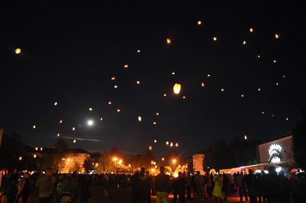 Запуск небесных фонариков на площади около "Премьера". Автор фото Елена Абазян.
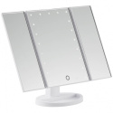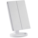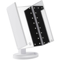 Kokoontaitettava peili, jonka kolme eri peiliosaa antavat täydellisen panoraamakuvan kasvoistasi. Peilissä on 21 säädettävää, pehmeän kirkasta LED-valoa, jotka heijastavat värejä täydellisesti ja antavat juuri sopivasti valoa meikkaamiseen tai kulmien muotoiluun. Valon voimakkuutta on mahdollista säätää eri tarpeisiin sopivaksi peilin kehyksessä olevasta kosketuspainikkeesta. Valot voi kytkeä päälle tai pois päältä painamalla kosketuspainiketta, ja valojen säätäminen tapahtuu pitämällä painiketta painettuna vähintään kahden sekunnin ajan. Peiliä on helppo kääntää parhaan mahdollisen kulman saamiseksi. Kokoontaitettava peili koostuu kolmesta eri peiliosasta, joita kääntämällä voit nähdä itsesi monesta eri kulmasta – tuloksena on upea kolmiulotteinen näkymä. Säädettävän jalustan ansiosta peili voidaan asettaa mille tahansa tasaiselle alustalle, mikä jättää molemmat kädet vapaiksi. Lamput toimivat USB-kaapelilla (mukana pakkauksessa) tai neljällä AAA-paristolla (ei mukana). Paristot eivät kulu, kun peili on kytketty USB-virtalähteeseen.
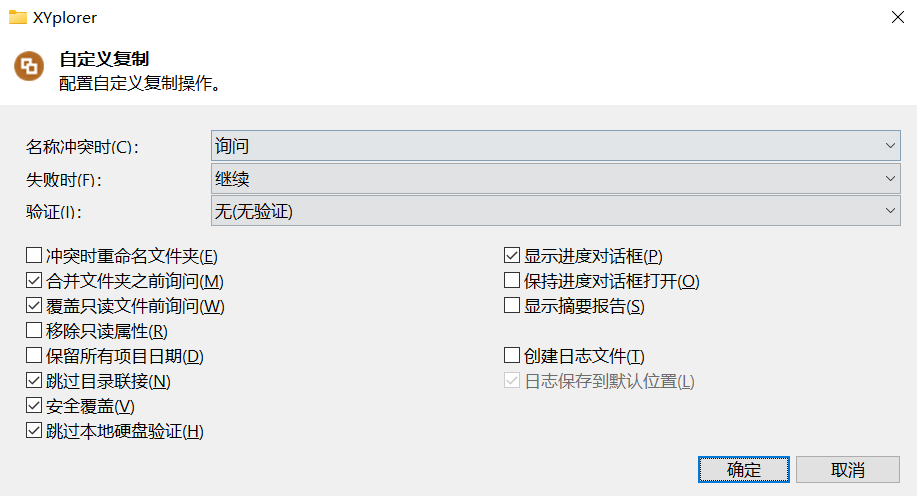 自定义复制:要使用XYplorer自带的高级复制程序,请勾选 配置|文件操作|文件操作|自定义复制操作|使用自定义复制。你将得到速度,名称冲突选项,验证选项,加上一个可选的进度界面与最终报告。

:::::

## PROBLEM REQUIREMENTS
Please reproduce the lines above from the one containing "Kokoontaitettava peili, jonka" through the final line, exactly and inclusively, leaving out each picture.

## SOLVED EXERCISE
 Kokoontaitettava peili, jonka kolme eri peiliosaa antavat täydellisen panoraamakuvan kasvoistasi. Peilissä on 21 säädettävää, pehmeän kirkasta LED-valoa, jotka heijastavat värejä täydellisesti ja antavat juuri sopivasti valoa meikkaamiseen tai kulmien muotoiluun. Valon voimakkuutta on mahdollista säätää eri tarpeisiin sopivaksi peilin kehyksessä olevasta kosketuspainikkeesta. Valot voi kytkeä päälle tai pois päältä painamalla kosketuspainiketta, ja valojen säätäminen tapahtuu pitämällä painiketta painettuna vähintään kahden sekunnin ajan. Peiliä on helppo kääntää parhaan mahdollisen kulman saamiseksi. Kokoontaitettava peili koostuu kolmesta eri peiliosasta, joita kääntämällä voit nähdä itsesi monesta eri kulmasta – tuloksena on upea kolmiulotteinen näkymä. Säädettävän jalustan ansiosta peili voidaan asettaa mille tahansa tasaiselle alustalle, mikä jättää molemmat kädet vapaiksi. Lamput toimivat USB-kaapelilla (mukana pakkauksessa) tai neljällä AAA-paristolla (ei mukana). Paristot eivät kulu, kun peili on kytketty USB-virtalähteeseen.
 自定义复制:要使用XYplorer自带的高级复制程序,请勾选 配置|文件操作|文件操作|自定义复制操作|使用自定义复制。你将得到速度,名称冲突选项,验证选项,加上一个可选的进度界面与最终报告。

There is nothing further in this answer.